Friday, December 12, 2008

12/12/2008: The beggar-thy-neighbor boomerang

It’s official. The National Bureau of Economic Research now says the US entered a recession a year ago, in December 2007. Thus, we already know that this is no average 10.7-month US downturn. If anything, this recession now seems to be accelerating, a full year after it began. In fact, it is shaping up to be the worst of its kind in at least 25 years. And not just for the US. Virtually every other big economy around the world is reeling, suffering from the same credit shock.

So this recession is a global one, with negative growth ahead for developed economies and a significant slowdown for emerging markets. How both large and small countries respond, singly and in concert, will tell us a lot about state of globalization today and the lessons learned, or not, from history.

The slowdown has not gone unnoticed. Governments everywhere have mobilized to combat it. They have bailed out their distressed financial industries and may support other crippled sectors, US car makers among the more prominent candidates right now. And massive fiscal stimulation packages are also in the works to revive investment, trade and employment globally.

Did we say everywhere? There is one developed country that is apparently unwilling to join the activists, and that is Germany.

To date, Chancellor Angela Merkel’s government has granted a mere 12 billion euros for recovery purposes, less than half the sums the UK and France have committed to fight their recessions. Germany’s reluctance is not due to lack of means: its debt and deficit situation is far sounder than in any other large developed country. Rather, Germany’s reluctance to spend its way out of recession has its origins in the policy of fiscal frugality that has been at the core of its export renaissance over the past decade.

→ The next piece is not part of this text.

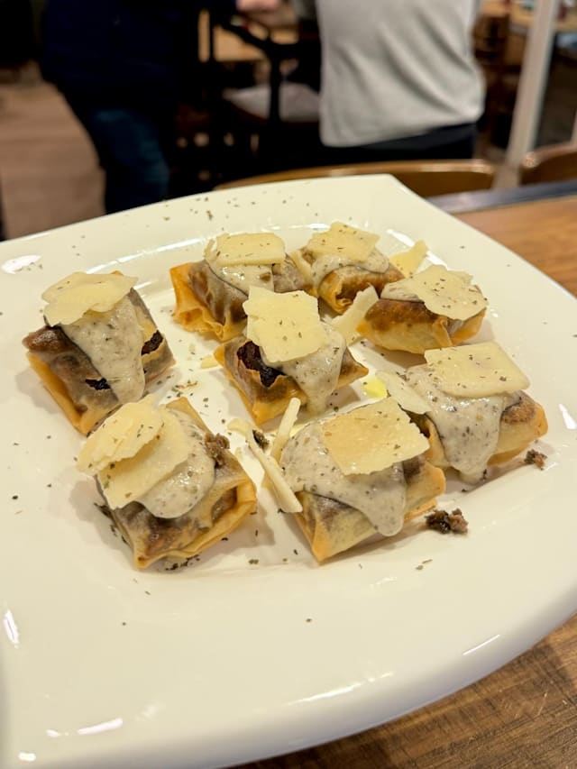 Raviolis fritos rellenos de rabo de toro salsa de queso y trufa.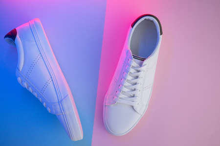 Modern sports shoes over neoned background. Sneakers or trainers isolated. Athletic shoes. fitness, sport, training concept. Urban fashion

But today’s recession challenges this kind of economic Darwinism. We are convinced that what got Germany back on track as an exporter won’t bring them further today. By relying on exports and not boosting its domestic demand, we think Germany is jeopardizing its own growth. Beyond that, they are also tacitly engaging in a beggar-thy–neighbor policy, whereby they look to prosper from the fiscal impulses provided by their trading partners at little cost to themselves. This is not unlikely to be warmly received by those same partners.

There is also one emerging market not entirely without reproach in matters of economic solidarity, and that is China. Yes, the recent 600 billion dollar stimulus package dwarves those of other nations. The US would have to spend roughly 2.4 trillion dollars to match it on a relative gross-domestic-product basis. And yes, domestic demand, both private consumption and public investments, are targeted in China’s package. But this should not obscure one missing element in China’s response to the global slowdown, its currency policy.

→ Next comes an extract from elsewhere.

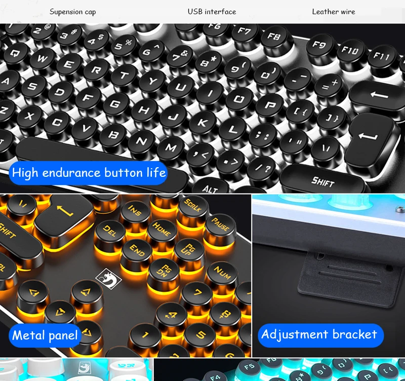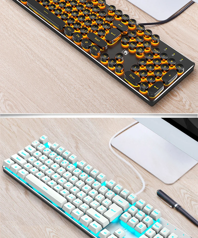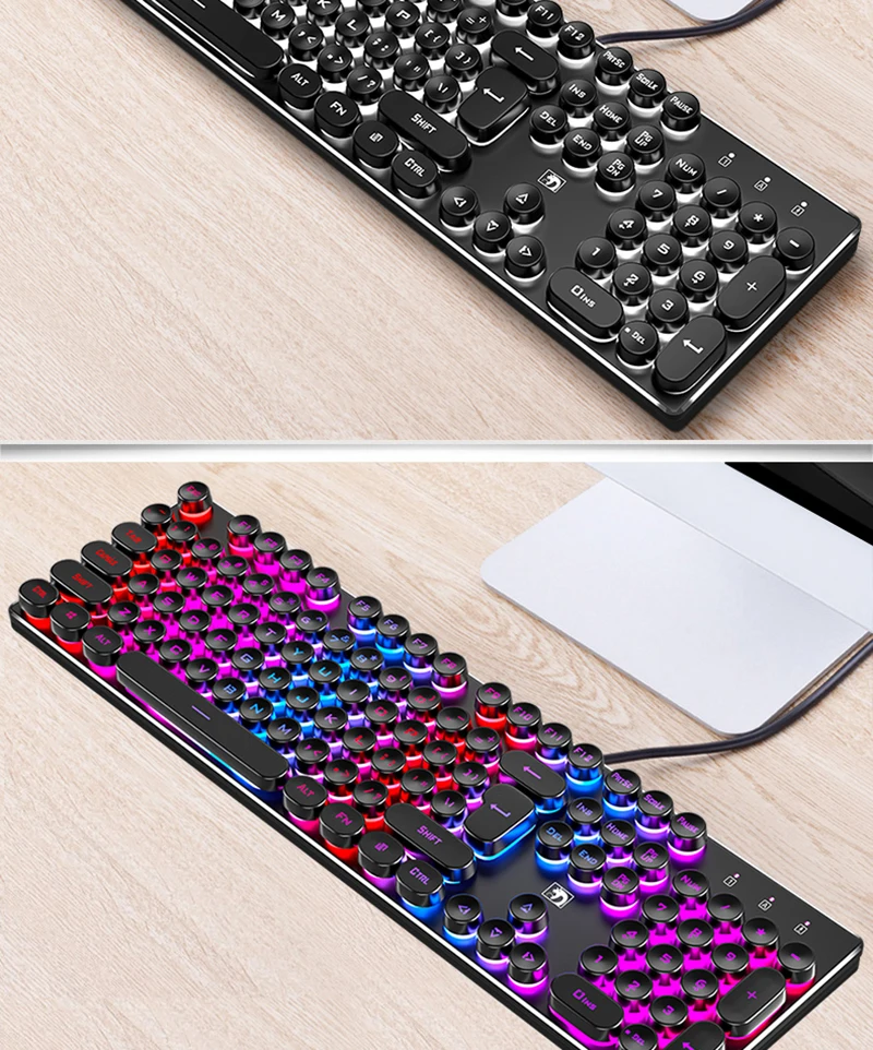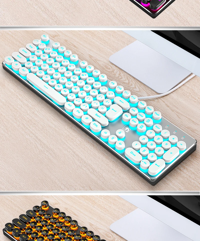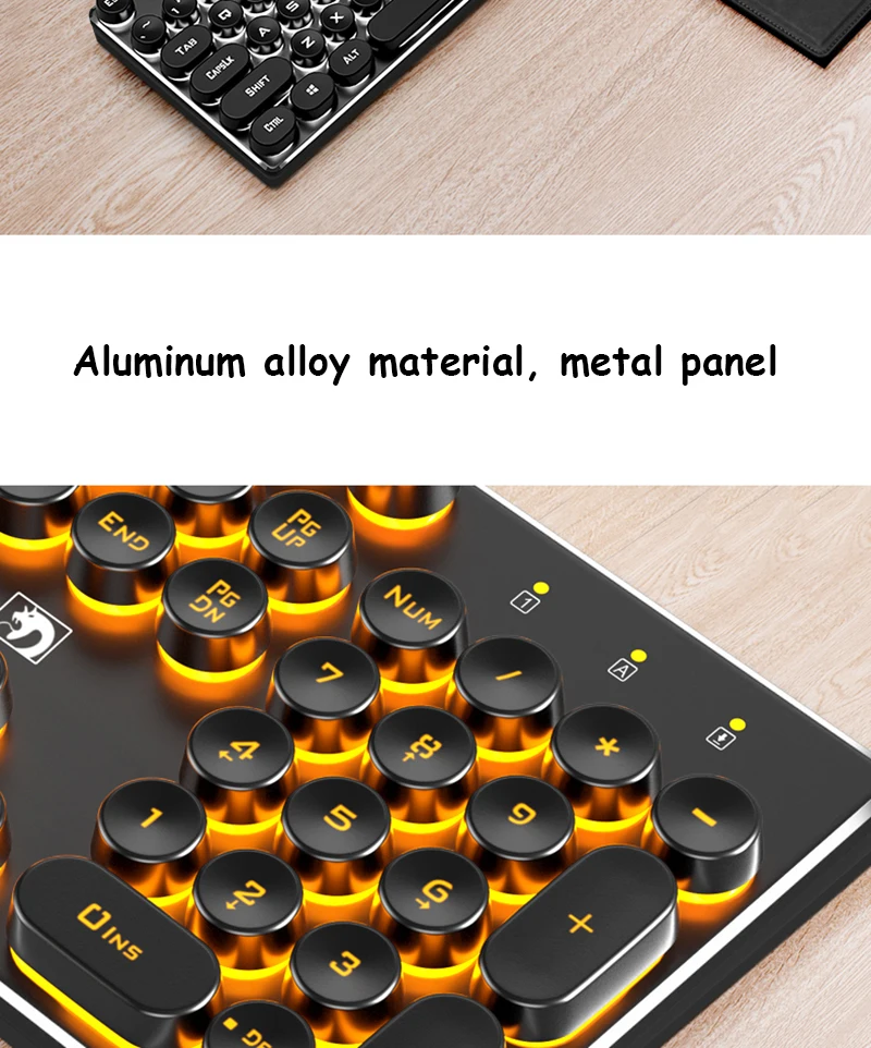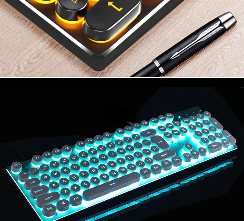 Механическая металлическая панельная клавиатура Ретро круглая квадратная светящаяся пишущая машинка Keycap104 с подсветкой USB Проводная клавиатура в стиле панк

Roughly coinciding with the announcement of their fiscal stimulus program, the Chinese authorities seem to be reversing the appreciation trend of their currency against the dollar. Since 2005, the Chinese yuan has appreciated by 20% against the US dollar, which is still too low judging by the burgeoning China-US trade gap.

The undervalued Chinese yuan and China’s widening trade gap with the US are root causes of the current crisis. As their massive US dollar reserves grew, the Chinese were essentially buying US debt. This pushed US interest rates to very low levels, and this cheap credit swelled debt levels of both households and financial institutions in the US. And we now see the consequences of that bubble.

As with Germany, what fed China’s export success won’t bring them much further. US households have finally started to save. They are unlikely to buy up Chinese goods even if they are cheaper. In November, Chinese exports to the US shrank by 6.4% compared with a year ago. And even if US consumers were to revive their old spending patterns, in the end China might also appear to playing beggar-thy-neighbor. This could have truly dreadful consequences, since protectionism sentiment is no longer taboo in America. That is one road we really don’t want to take again (see Depression, Great).

We note with concern that Germany and China’s self-centered policies to date, though different in origin and implementation, are equally dangerous today. The recession is global. The solutions to mitigate it should also be global.